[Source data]
□ □ □

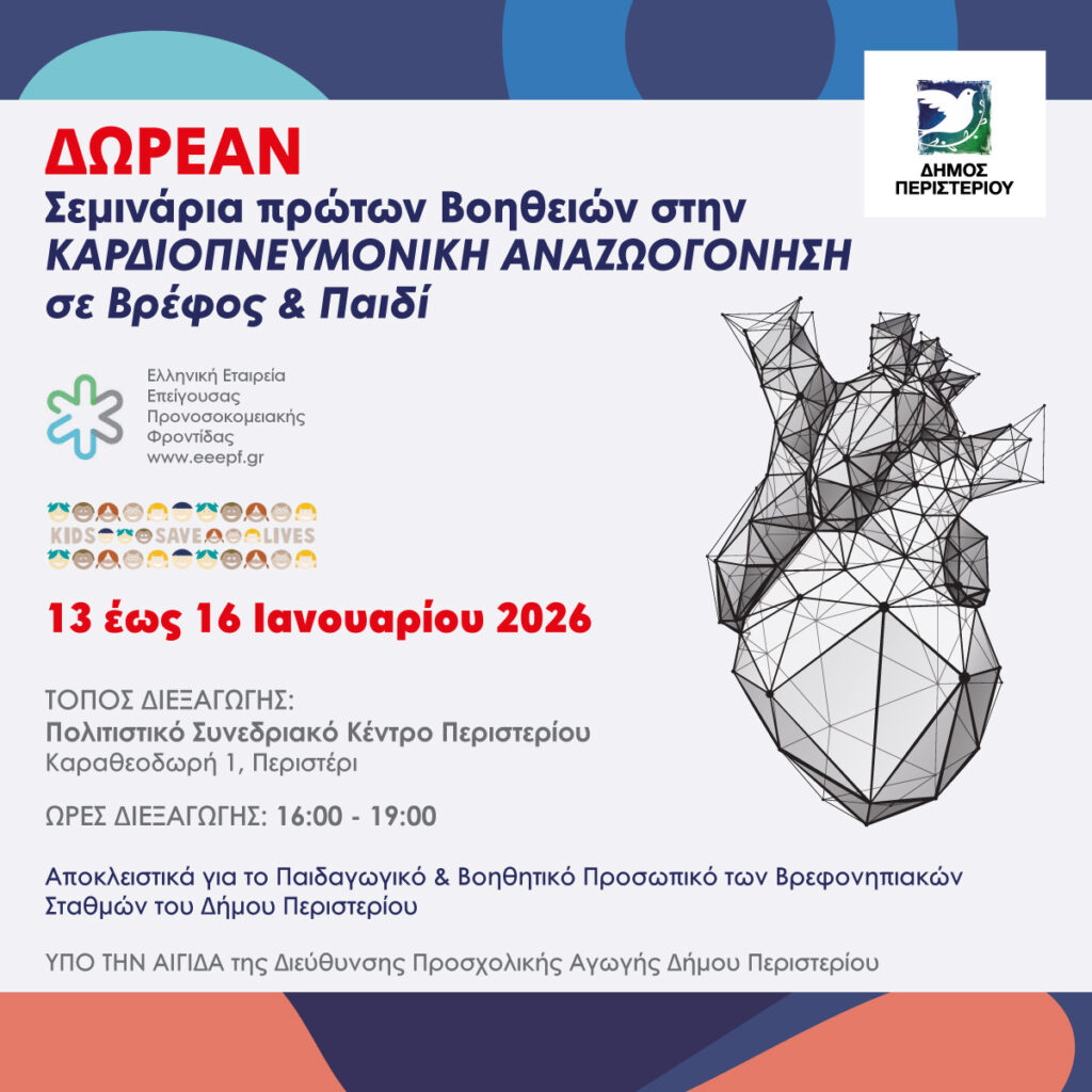 Το σεμινάριο θα πραγματοποιηθεί από 13 έως και 16 Ιανουαρίου 2026, στην Αίθουσα Πολλαπλών Χρήσεων του Δημαρχιακού Μεγάρου Περιστερίου, από την Ελληνική Εταιρεία Επείγουσας Προνοσοκομειακής Φροντίδας(ΕΕΕΠΦ), σε συνεργασία με τη νοσηλεύτρια κα Φραντζή, υπάλληλο της Διεύθυνσης Προσχολικής Αγωγής.
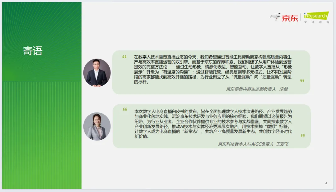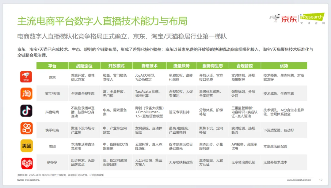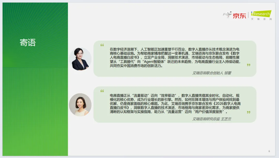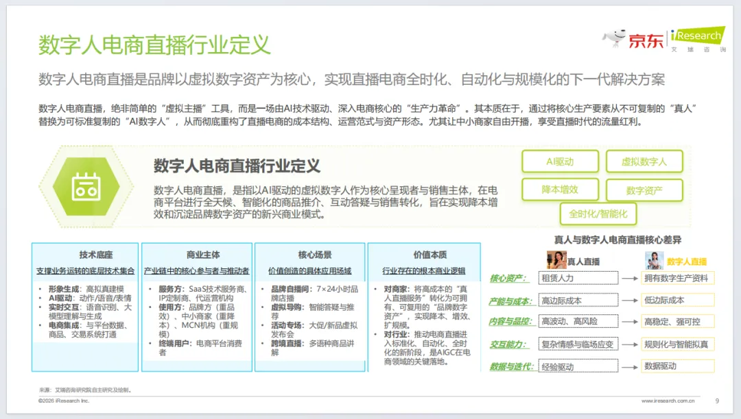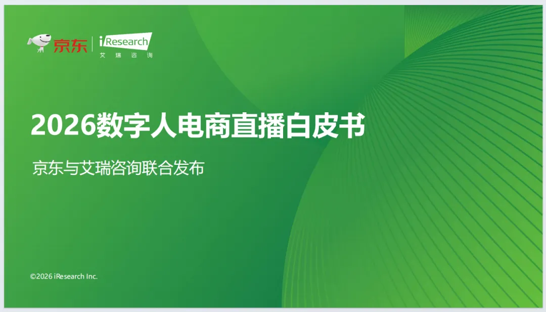 《2026数字人电商直播白皮书》由京东与艾瑞咨询联合发布,聚焦2026数字人电商直播行业,全景解析行业现状、应用、实践与趋势。报告明确数字人电商直播是AI驱动的电商新质生产力,已进入规模化商用期,政策规范、技术突破、商家降本需求共同驱动行业发展。当前行业形成梯队竞争格局,京东以普惠免费、技术自研领跑,服务商家超7万家。
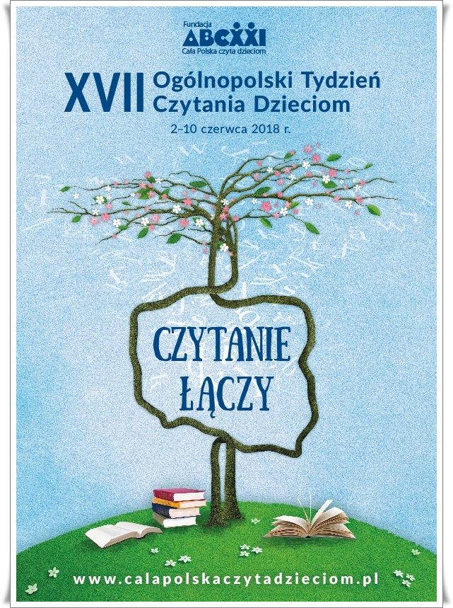 Plakat informujący o XVII Ogólnopolskim Tygodniu Czytania Dzieciom 2 - 10 czerwca 2018 roku.
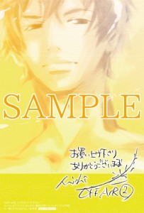 アニメ化企画も進行中の本作の同人誌や特典SS、Web掲載SSなどの番外続篇をまとめた総集篇第2弾が『OFF AIR 2 イエスかノーか半分か』。潮と計の2度目の夜を描いた書き下ろし「恋はあせらず(Love don't come easy)」を始め、現在入手困難な番外篇も一度にたっぷり読める、ファン必携の1冊になった。
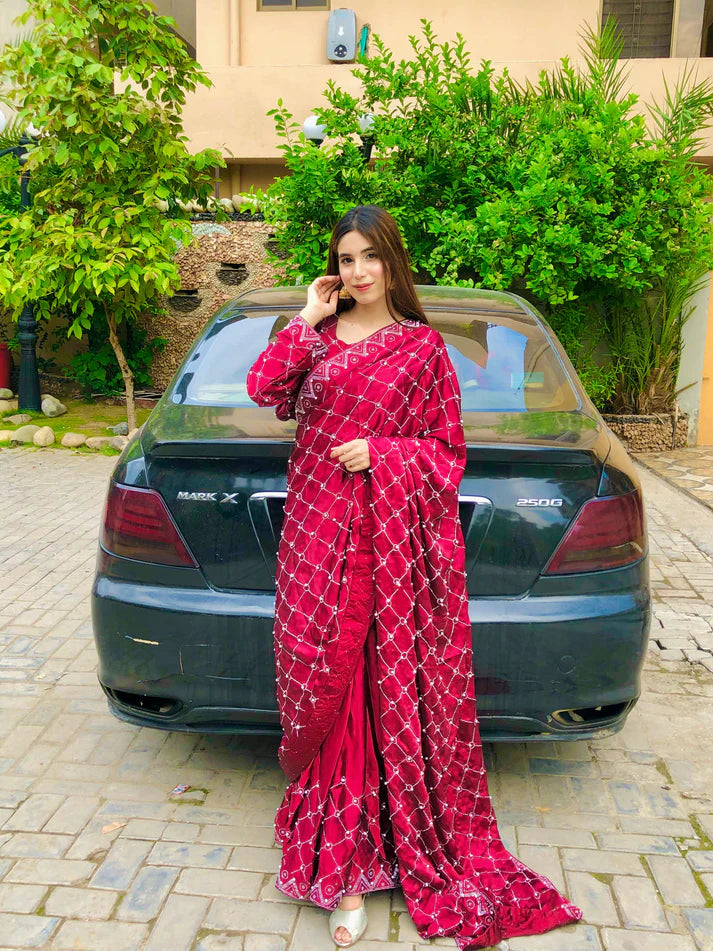 Shamoz Silk Saree with Pearl & Stone Work (stitched)
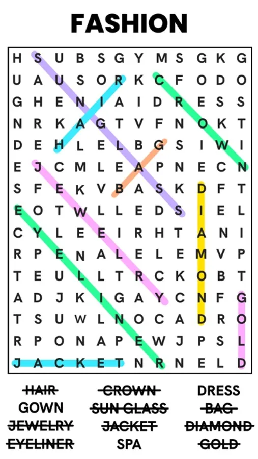 A scramble word search game is the best way to relax. Get ready to solve fun word puzzles. Once you play it, you'll want to share it with your friends. Our free word search game also has fun categories like shopping, travel, fashion, etc.
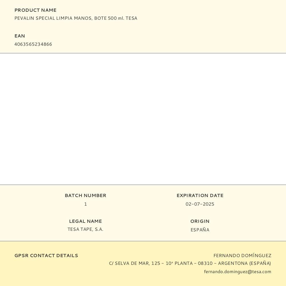 PEVALIN SPECIAL LIMPIA MANOS, BOTE 500 ml. TESA
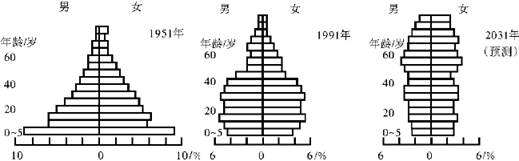 5、单选题 图为某地区不同时期人口年龄结构图。读图并结合所学知识,完成题。
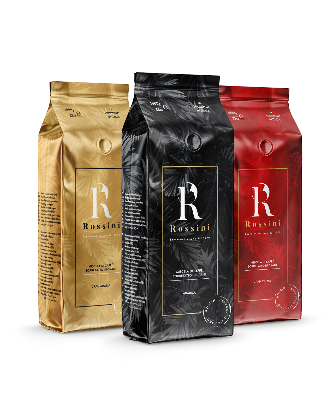 Gran Crema coffee blend selected by hand, and hand-roasted. Packaged in 1000 gram packs.
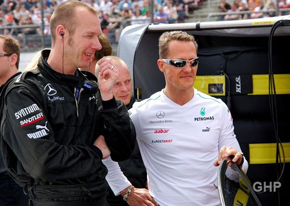 Особо волнующим событием во время открытия нового сезона DTM было появление в Хоккенхайме пилотов Формулы 1 семикратного чемпиона мира Михаэля Шумахера и Нико Росберга: Нико Росберг сделал несколько демонстрационных кругов на историческом гоночном автомобиле Mercedes W196 Хуана Мануэля Фанхио, который принес немецкой марке победу в 1955 году в Монце. Шумахер же появится за рулем прошлогоднего MGP W02, и также проехал два демонстрационных круга, несколько раз притормозив, чтобы поприветствовать ревущих от восторга на трибунах фанов, и завершил свое выступление эффектным разворотом на всей скорости перед Главной трибуной.
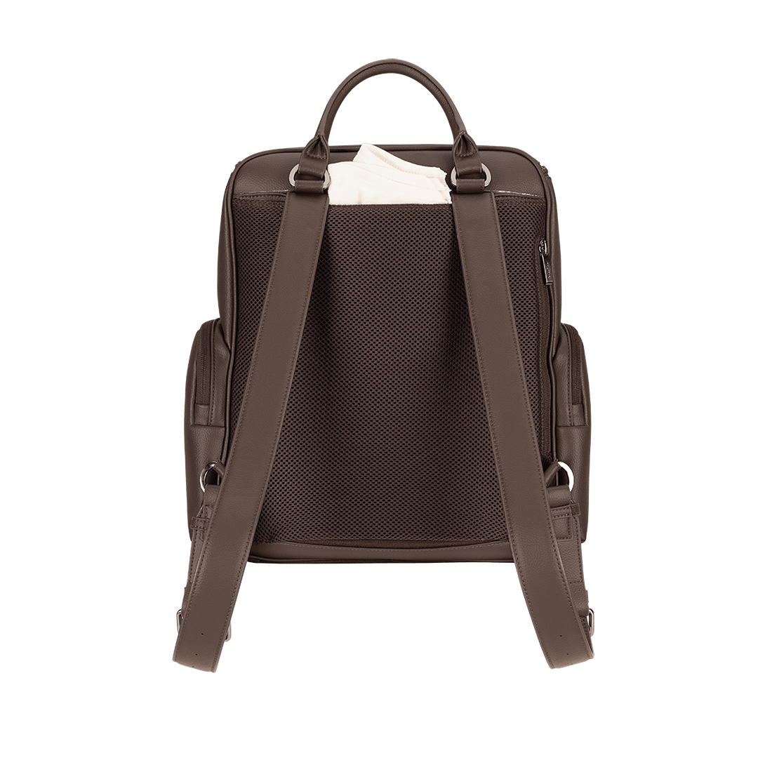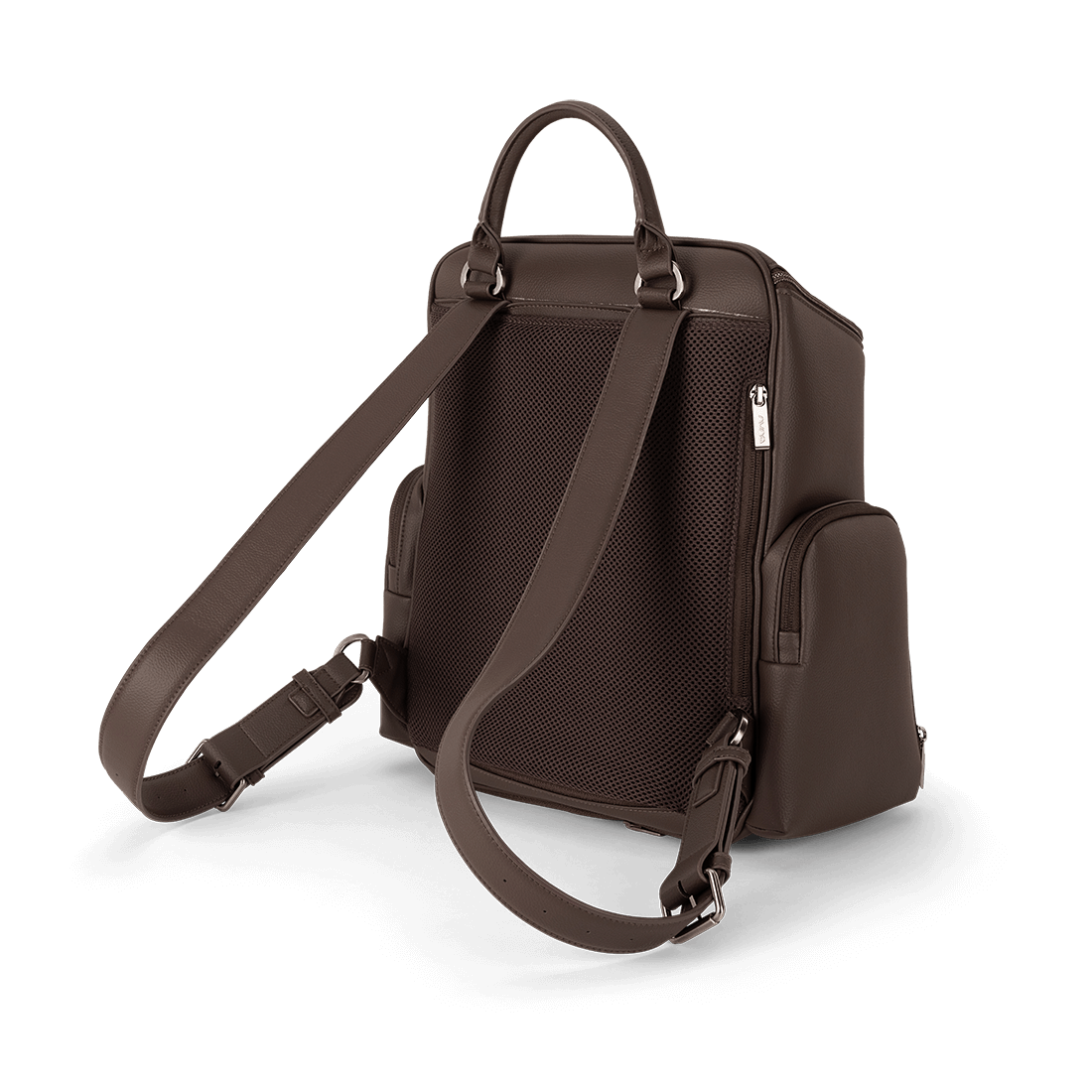 The Essential bag redefines everyday luxury with its chic leatherette styling and versatile parenthood functionality. Crafted as a multi-tasking backpack that also serves as a diaper bag, it features a laptop-friendly design with a thoughtful array of exterior and interior pockets, a handy changing pad clutch, and a luggage trolley sleeve for travel convenience.

□ □ □

Reproduce exactly the lines above starting at the line containing "A scramble word" and ending at the line containing "Gran Crema coffee", including both, but not the pictures.

 A scramble word search game is the best way to relax. Get ready to solve fun word puzzles. Once you play it, you'll want to share it with your friends. Our free word search game also has fun categories like shopping, travel, fashion, etc.
 PEVALIN SPECIAL LIMPIA MANOS, BOTE 500 ml. TESA
 5、单选题 图为某地区不同时期人口年龄结构图。读图并结合所学知识,完成题。
 Gran Crema coffee blend selected by hand, and hand-roasted. Packaged in 1000 gram packs.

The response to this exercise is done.